Comparison of elasticities of components of a cardiac bioprosthesis leaflet

The mechanoelastic behavior of calf pericardium employed in cardiac bioprostheses was compared with that of three types of thread (Nylon, Prolene, and silk) used to suture this biological tissue. The elastic limit (EL) of each material was determined by means of tensile tests and the mathematical functions that govern the stress/strain curves within the EL have been described. The first derivative of these functions for each point to the curves allowed the immediate calculation of the elastic modulus (EM), which was considered the best parameter for comparing the elasticities of the materials being assessed. It was observed that the deformation of the pericardium produced by the working stress of a pericardial leaflet was approximately 1000 times greater than that produced in the surgical threads. When the elasticities were compared on the basis of the EM, that of pericardium was 749.06, 626.95, and 1253.17 times greater than that of the Nylon, Prolene, and silk suture threads, respectively. These results demonstrate that the interaction between these materials (pericardium and the threads) could be generating detrimental forces that can diminish the durability of the leaflets of the bioprostheses constructed of calf pericardium.
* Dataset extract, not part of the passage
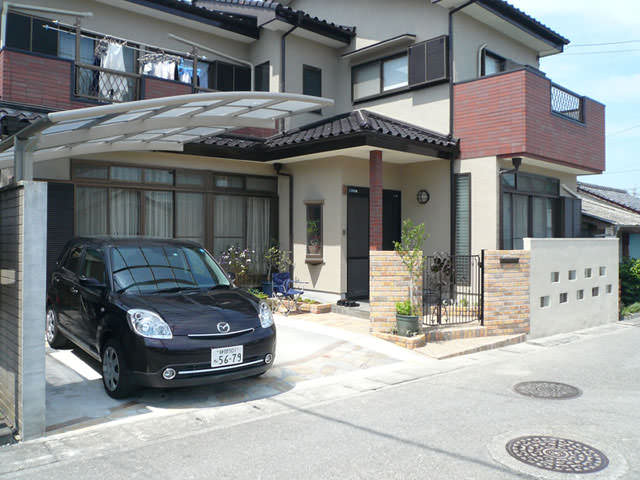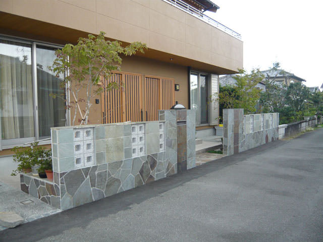 ガレージをレンガタイル貼りにし門扉など西欧風にデザイン。駐車スペースから玄関までのアプローチも確保しました。また、透かしブロック部分もカラフルなガラスブロックにしました。
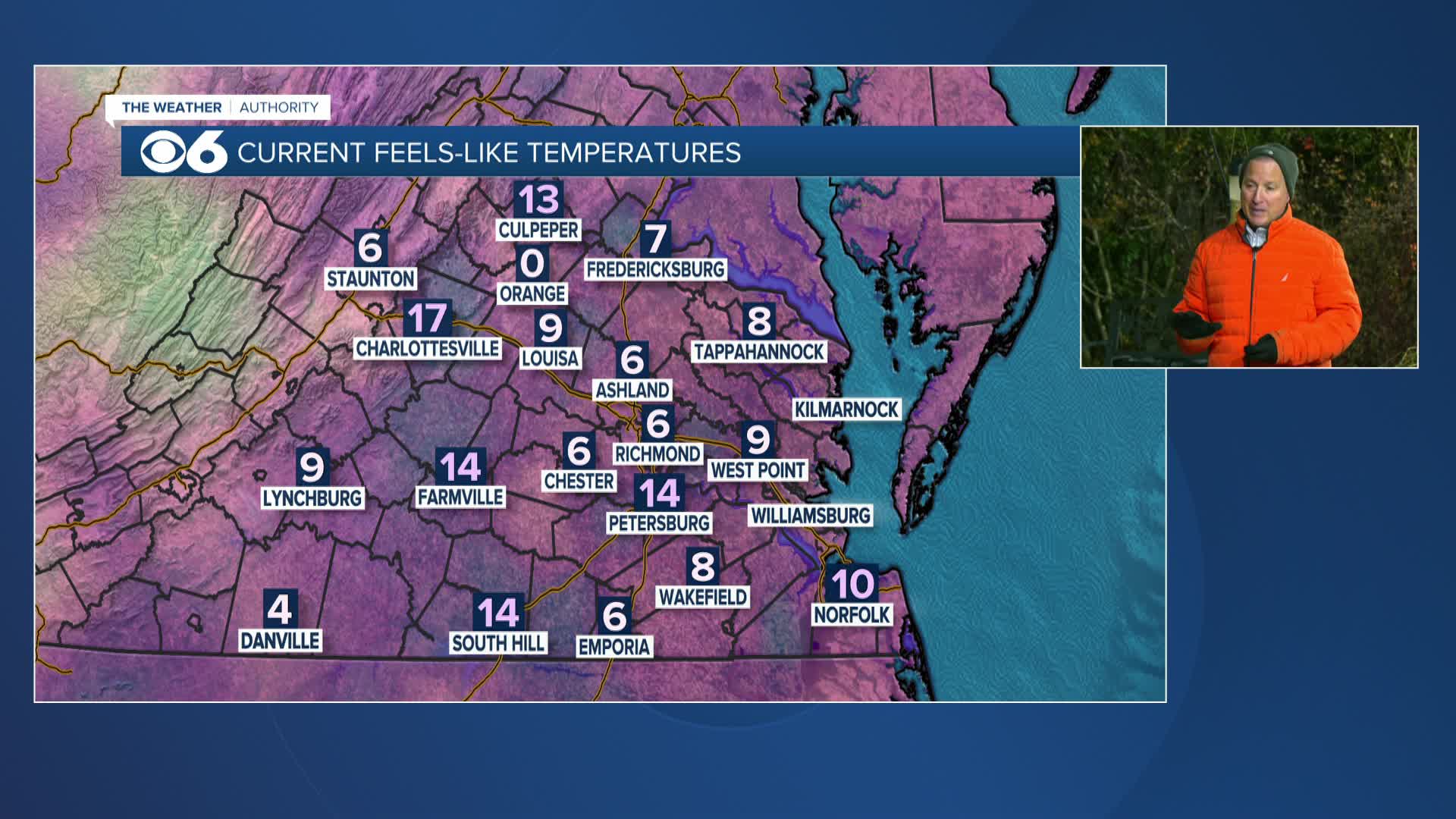 RICHMOND, Va. β It will be clear, breezy at times and very cold overnight, with wind chills in the single digits. Actual low temperatures will be in the teens. A Cold Weather Advisory was in effect through 9AM Monday morning.

Elastic behaviour of sutured calf pericardium: influence of the suture threads

The purpose of this study was to assess the elastic behaviour of calf pericardium used in the construction of cardiac bioprosthesis valve leaflets, sutured with different types of commercially available sutures: silk, Gore-Tex, Surgilene and nylon. Thirty-two samples (four series of eight samples each) were subjected to tensile strength testing to breakage. The breaking stress (MPa) ranged between 4.89 MPa for samples sutured with Gore-Tex and 5.22 MPa for those sewn with nylon. Three samples from each series were subjected to a stepwise stress test, involving increasing levels of stress followed by return to zero, to define the elastic limit (the cut-off point beyond which strain is no longer reversible). Analysis of the results provided the mathematical functions that govern the elastic behaviour (stress/strain) within the elastic range for each type of sutured sample. The series sutured with Surgilene presented the highest mean value (1.649 MPa). Finally, a statistical study was carried out to determine which series showed the greatest probability of having the least interaction between the thread and the pericardium. Allowing an interval of +/- 10%, Gore-Tex showed the best probability in this respect. However, real fatigue testing is necessary to definitively determine which is the best suture to use.

ANALYSIS OF SHEARING STRESS IN THE LIMITED DURABILITY OF BOVINE PERICARDIUM USED AS A BIOMATERIAL

The objective of the study was to determine the shearing stress exerted by the suture thread under conditions of normal working stress. Thirty-six samples of calf pericardium, similar to that employed in the manufacture of bioprosthetic cardiac valve leaflets, were subjected to tensile testing. Prior to the trial, a continuous suture was sewn in the central zone of each sample, at a 45° angle to the longest axis of the sample, using commercially-available threads (silk, Gore-Tex, Surgilene and nylon). Application of the Mohr circle for combined wear revealed that the shearing stress ranged between 2.68-fold greater (for samples sewn with silk) and 5.48-fold greater (for samples sewn with nylon) than the working tensile stress in the region of the suture. It is concluded that the shearing stress is responsible for the limited durability of sutured samples of calf pericardium prepared to simulate bioprosthetic cardiac valve leaflets.